Digital euro is a proposed digital currency or a digital form of euro that would be issued by the European Central Bank (ECB). It would be a digital equivalent to cash which would give people an additional choice on how to pay, complementing existing currency options.

Need of digital euro

To provide a safe and secure alternative to cash: Cash has been around for centuries, but it is also vulnerable to theft and counterfeiting. However, its use has been declining in recent years due to several factors, including the rise of electronic payments and the increasing use of mobile phones. As a result, there is a growing need for a digital currency that can provide the same level of convenience and security as cash, but with the added benefits of being electronic.

To promote financial inclusion: Not everyone has access to traditional banking services. A digital euro could help to make financial services more accessible to people who are currently excluded. It could help to promote financial inclusion by making financial services easily accessible. Being a digital equivalent to cash, people could use it to make payments and store their money without having to go through a bank.

In addition, a digital euro would be more secure than cash because it would be difficult to counterfeit, and it would be easier to track transactions. This would make it a safer option for people who are concerned about the security of their money.

How could it work?

The ECB is still in the early stages of its assessment into how it would work. However, there are a few possible scenarios:

Central Bank Digital Currency (CBDC): A digital currency that is issued and regulated by a central bank. It would be stored and managed by the ECB, and would be accessible to people through a digital wallet or app.

Retail CBDC: For use by individuals and businesses. It would be similar to cash and could be used to make payments in person or online.

Wholesale CBDC: Designed for the banks and other financial institutions. It would be used to settle payments between banks and would not be available to individuals or businesses.

Impact on trade

Benefits:

Increased convenience and efficiency: Digital euro could increase the efficiency of cross border transactions making it easier and faster for companies to transact with each other and with businesses in other parts of the world. This could lead to increased trade and economic growth.

Reduced costs: This system could reduce the extra charges associated with making payments, such as fees charged by intermediaries during domestic as well as during the export-import transactions thus saving the money of businesses and consumers.

Increased competition in the payments market: The new currency could lead to increased competition in the payments market, as businesses and consumers would have more choices when it comes to how they make payments. This could lead to lower prices and better services for consumers. Also, it could encourage new businesses to enter the European trade leading to economic growth in the European Union.
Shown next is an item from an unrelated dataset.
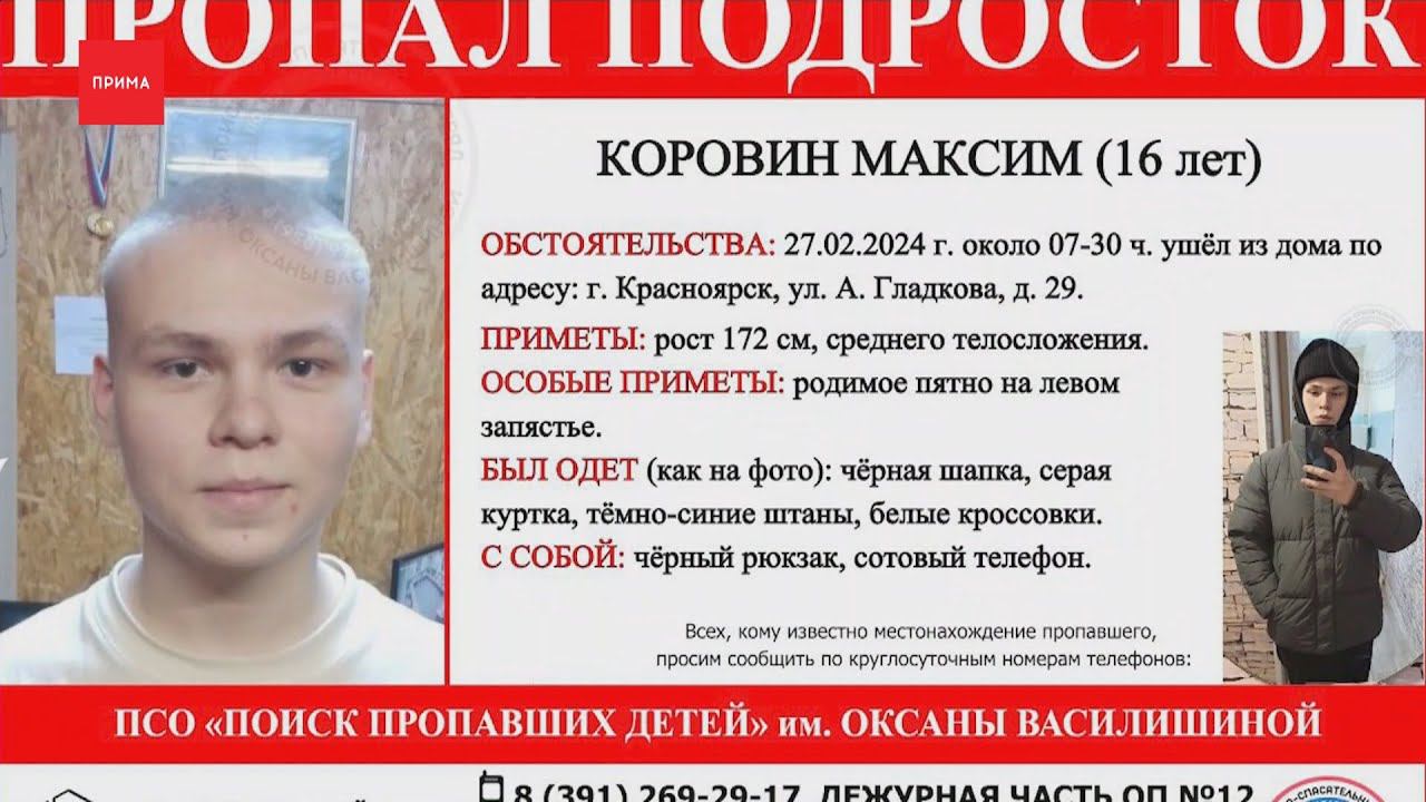 Уже больше недели в Красноярске ищут 16-летнего подростка. Он вышел из дома 28 февраля. С тех пор не выходил на связь. Максим Коровин пропал в районе улицы Гладкова, но сейчас может быть где угодно. Парень был одет во всё темное и белые кроссовки. Особые приметы: родимое пятно на левом запястье. Волонтёры предполагают, что подросток мог спрятаться у кого-то из знакомых. Родители мальчика просят сообщить любую информацию о нём, в том числе анонимно.

Enhanced resilience of the financial system: It could help to enhance the resilience of the financial system by providing a more secure and stable alternative to some of the more volatile private digital currencies. For example, the digital euro would be backed by the full faith and credit of the ECB, which would make it more stable than some of the more volatile private digital currencies.

Risks:

Increased risks of cybercrime and fraud: Transacting digitally could increase the risks of cybercrime and fraud, as it would be stored and transferred electronically.

Monetary policy risks: If too many people hold digital euros, it could make it more difficult for the ECB to control inflation. This is because these are a form of electronic cash. They are not subject to the same regulations as traditional bank deposits. This means that people could hold large amounts of these in their wallets, which could lead to an increase in the money supply. An increase in the money supply can then lead to inflation.

To mitigate this risk, the ECB could impose limits on the amount of digital euros that people can hold. The ECB could also charge interest on the same, which would make them less attractive as a store of value.

Ending Note

The proposal of a digital euro by the ECB represents a significant step towards integrating advanced technology with traditional finance. While its potential benefits are vast, offering convenience, enhanced security, and increased financial inclusion, it also brings its own set of challenges, particularly in terms of cyber security risks and potential implications on monetary policy.

If successfully implemented, the digital euro has the potential to shape the future of the European economy, redefining how transactions occur and enhancing the efficiency of trade across the continent. Nonetheless, its advent signals the beginning of a new era of scrutiny, debate and refinement in a journey towards the digital future of money.